Data segment:
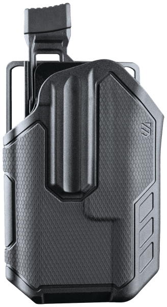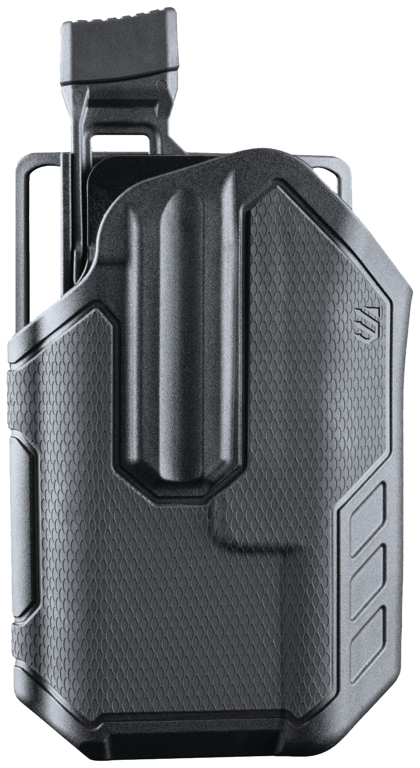 The blackhawk omnivore multi-fit family of holsters accommodates more than 150 styles of semi-automatic handguns.Its active retention mechanism locks onto a proprietary rail attachment device, and onto the streamlight tlr1/2 models.The instinctive thumb release disengages the locking mechanism from the rail attachment device when drawing the handgun.
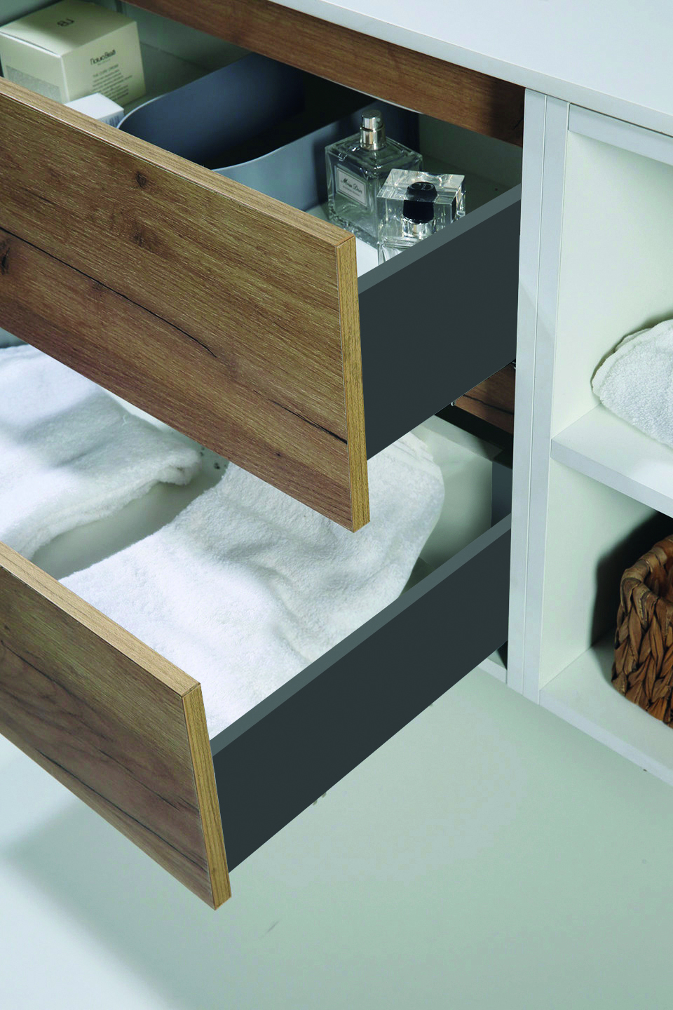 - Tiroirs coulissants métalliques, fermeture progressive.
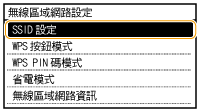 安全設定如果透過選擇無線路由器設定無線連線,則 WEP 認證方法設定為 <開放式系統>,或 WPA/WPA2 加密方法設定為 <自動>(AES-CCMP 或 TKIP)。若要將 WEP 認證選擇為 <共用鍵值>,或將 WPA/WPA2 加密選擇為 <AES-CCMP>,則必須使用手動輸入方法設定連線(指定詳細設定以設定連線)。
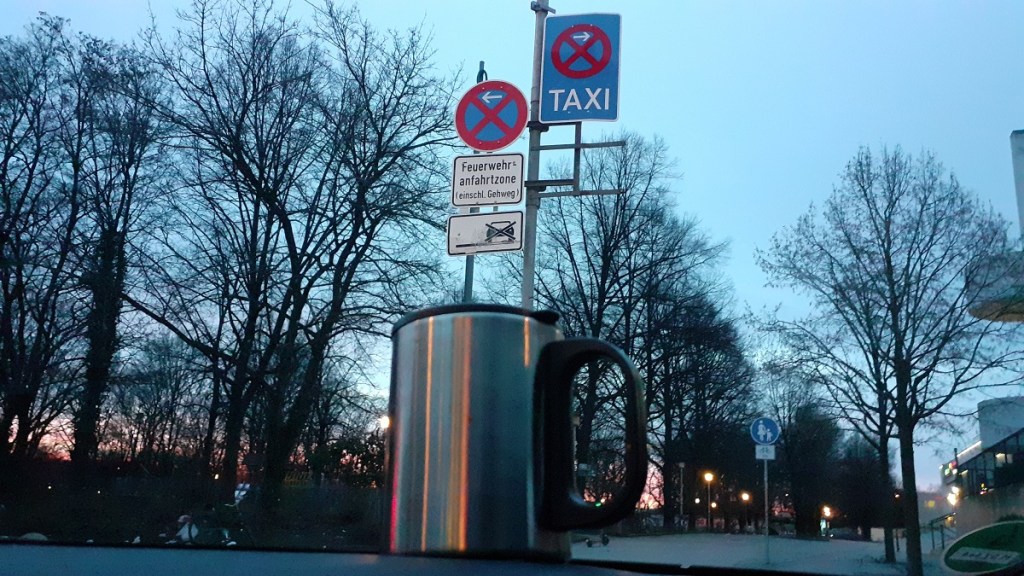 Aschermittwoch – und eine neue Arbeitswoche beginnt. Eine krapfenlose. Vom Taxistand an der Theresienhöhe beobachte ich, wie sich hinter der Altstadt und über der Theresienwiese sich der Himmel langsam verfärbt. Der Sonnenaufgang kündigt sich an. Die Glut über den Dächern der Stadt vertreibt das Blau und schafft Platz für den lichten Tag. Zeit für eine gediegene Tasse Kaffee. Wann, wenn nicht jetzt?

Problem details:
From the line containing "- Tiroirs coulissants" down to the end of the listing above, every line is to be returned exactly, though the pictures are not.

Task response:
 - Tiroirs coulissants métalliques, fermeture progressive.
 安全設定如果透過選擇無線路由器設定無線連線,則 WEP 認證方法設定為 <開放式系統>,或 WPA/WPA2 加密方法設定為 <自動>(AES-CCMP 或 TKIP)。若要將 WEP 認證選擇為 <共用鍵值>,或將 WPA/WPA2 加密選擇為 <AES-CCMP>,則必須使用手動輸入方法設定連線(指定詳細設定以設定連線)。
 Aschermittwoch – und eine neue Arbeitswoche beginnt. Eine krapfenlose. Vom Taxistand an der Theresienhöhe beobachte ich, wie sich hinter der Altstadt und über der Theresienwiese sich der Himmel langsam verfärbt. Der Sonnenaufgang kündigt sich an. Die Glut über den Dächern der Stadt vertreibt das Blau und schafft Platz für den lichten Tag. Zeit für eine gediegene Tasse Kaffee. Wann, wenn nicht jetzt?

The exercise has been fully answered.